A NGS C++ Generic Programming Library
The libseq software is a C++11 and C++14 programming library with facilities designed for Next Generation Sequencing (NGS) analysis. It is under current development and it should not be considered production-ready.
The software makes use of heavy templating in order to achieve a runtime boost by using static polymorphism and class traits. It provides classes for the following NGS concepts:
- DNA sequence container traits (e.g., strings)
- Generic DNA sequences with variadic properties
- Sequence specialization for FASTQ and FASTA properties
- Reverse-Forward matching sequences
- Kmer list containers (serial and concurrent)
- Kmer generators
- De Bruijn graph generator between diverse sequence classes
- Specialization for de Bruijn graph (e.g., kmers)
- Parsers for FASTA and FASTQ
The library is wholly parametrized via templates. For instance, you can create a graph that matches any given sequence list against another, with custom node and edge weights. As an example, given the list of all reads, and the list of all kmers, you can create a graph that links reads with kmers, with nodes as kmers and reads, and weighted edges indicating the position of a kmer in any given read.
We are also implementing cache-oblivious data structures along with out-of-core algorithms to exploit modern architectures and to process data with limited amounts of RAM.
Note: This software library incorporates the SeqDB library by Mark Howison, published in “High-throughput compression of FASTQ data with SeqDB”, IEEE/ACM Transactions on Computational Biology and Bioinformatics, 10(1): 213–218, 2013. See the BitBucket page for SeqDB for more information.
The source code is available under the BSD license. Requirements:
Old and related projects
An A* NGS error correction algorithm
This work proposes an error correction method based on the de Bruijn graph that permits its execution on Gigabyte-sized data sets using normal desktop computers. The implementation makes extensive use of hashing techniques, and implements an A* algorithm for optimal error correction, minimizing the distance between an erroneous read and its possible replacement with the Needleman-Wunsch score. Our approach outperforms other popular methods both in terms of random access memory usage and computing times.
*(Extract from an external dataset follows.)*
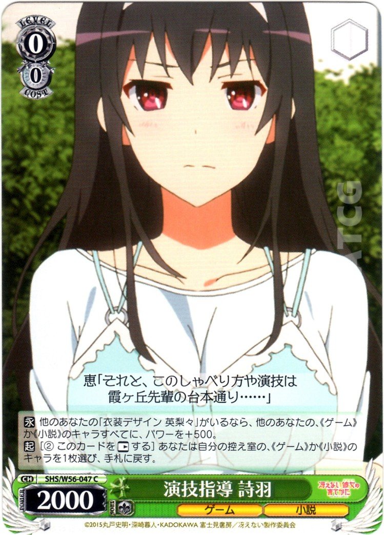 【永】 他のあなたの「衣装デザイン 英梨々」がいるなら、他のあなたの、《ゲーム》か《小説》のキャラすべてに、パワーを+500。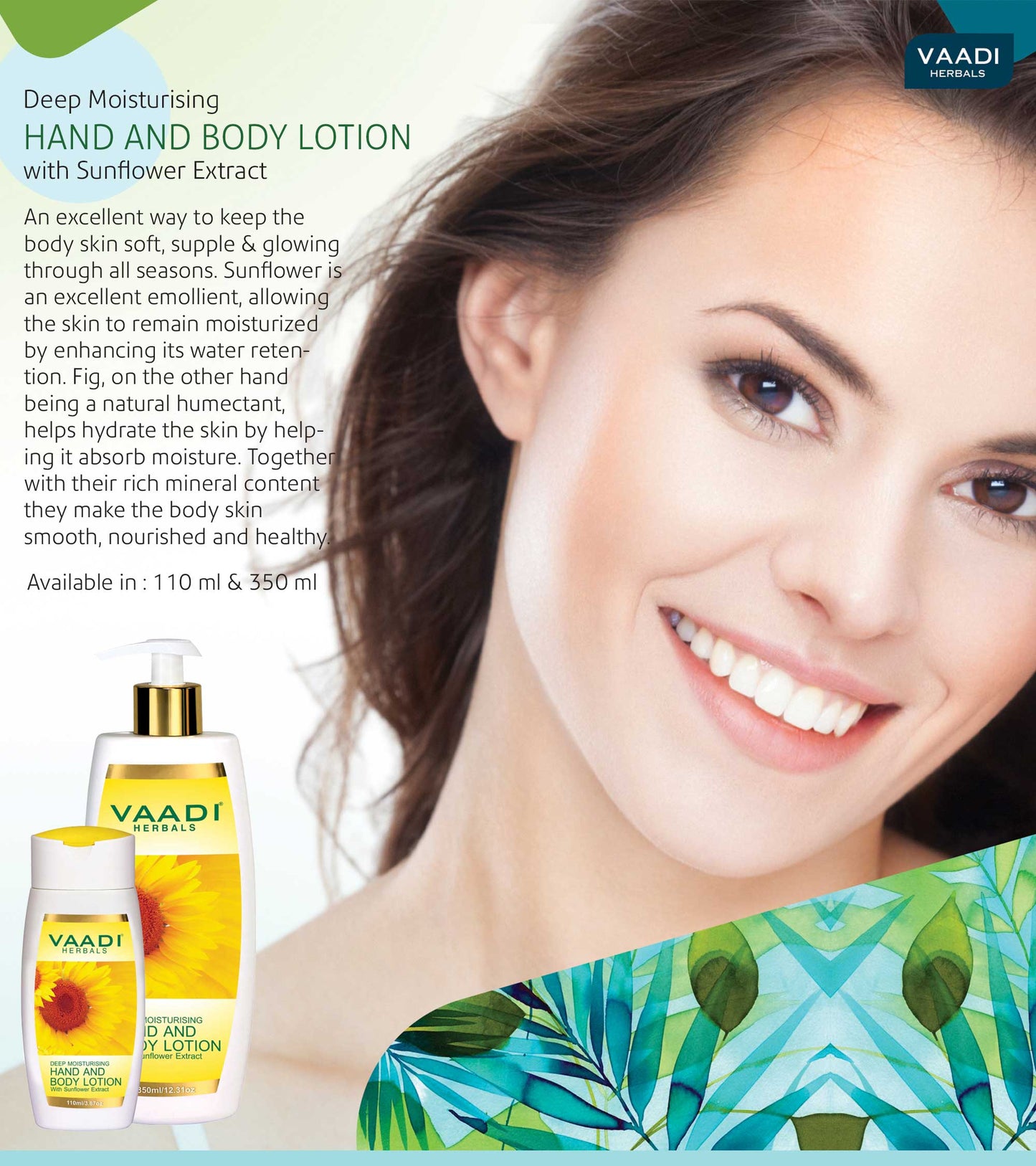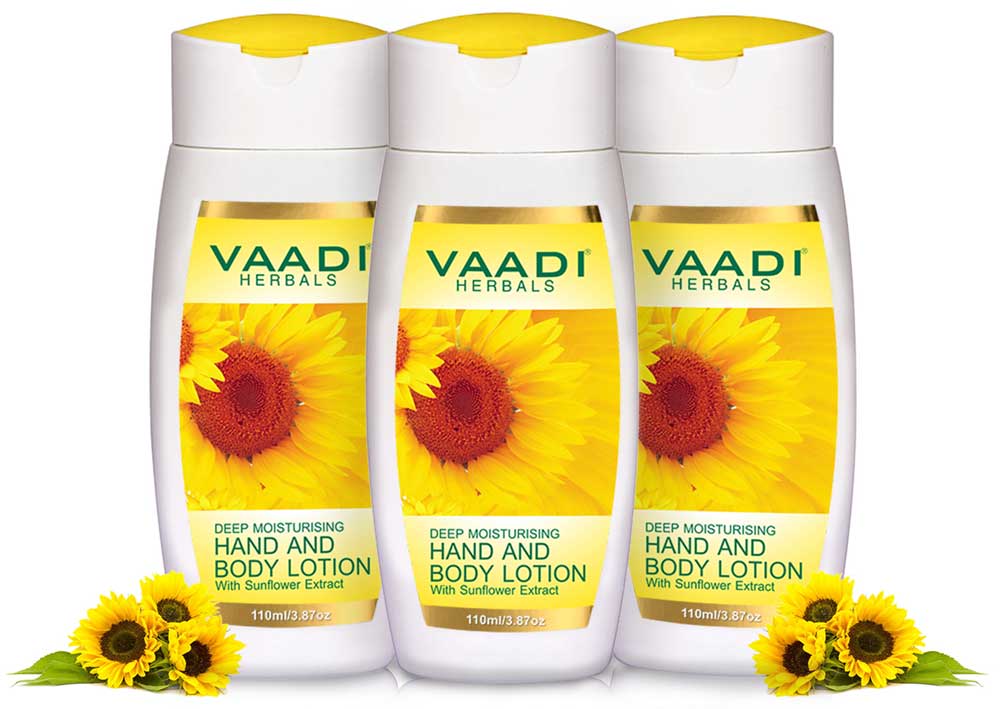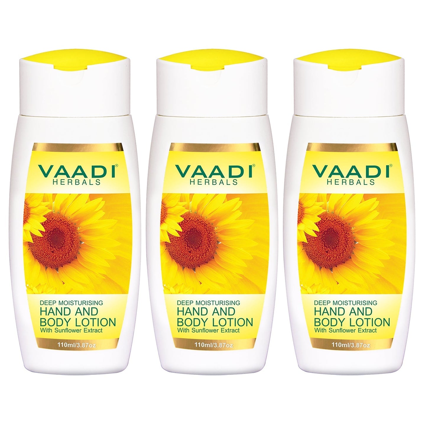 Hand & Body Lotion with Sunflower Extract - Enhances Water Retention in Skin - Keeps Skin Soft (3 x 110 ml/4 fl oz)

In order to compile and contribute to this project you need A C++11 compiler, the Boost library, and Intel's Threading Building Blocks library.
The source code is available under the BSD license.
High-throughput Error Correction by Oligomers
This work presents a novel error correction algorithm based on k-mer strings with their associated overlap graph, along with an open-source, multi-threaded, implementation. The algorithm, named HErCoOl (High-throughput Error Correction by Oligomers), needs minimal tuning, only an overall error rate and –optionally– information about the genome sizes. HErCoOl was compared against other state-of-the art methods, using empirical NGS data obtained with Roche 454 technology, focusing the benchmarks on mixtures of related species. Results show that HErCoOl improves significantly over the current methods, and the parallelisation scales well with the size of input NGS genome producing long sequence reads, such as Roche 454 or Ion Torrent. HErCoOl provides a fast and efficient error correction of NGS data, especially for mixed samples. Its platform-independent, open-source, multi-threaded implementation assures flexibility for being employed and integrated in any NGS data analysis software.
This is a past project, and it is no longer developed. The reason is performance, as NGS technologies progress, we need to achieve always increasing performances.
The source code is available under the GPLv2 license.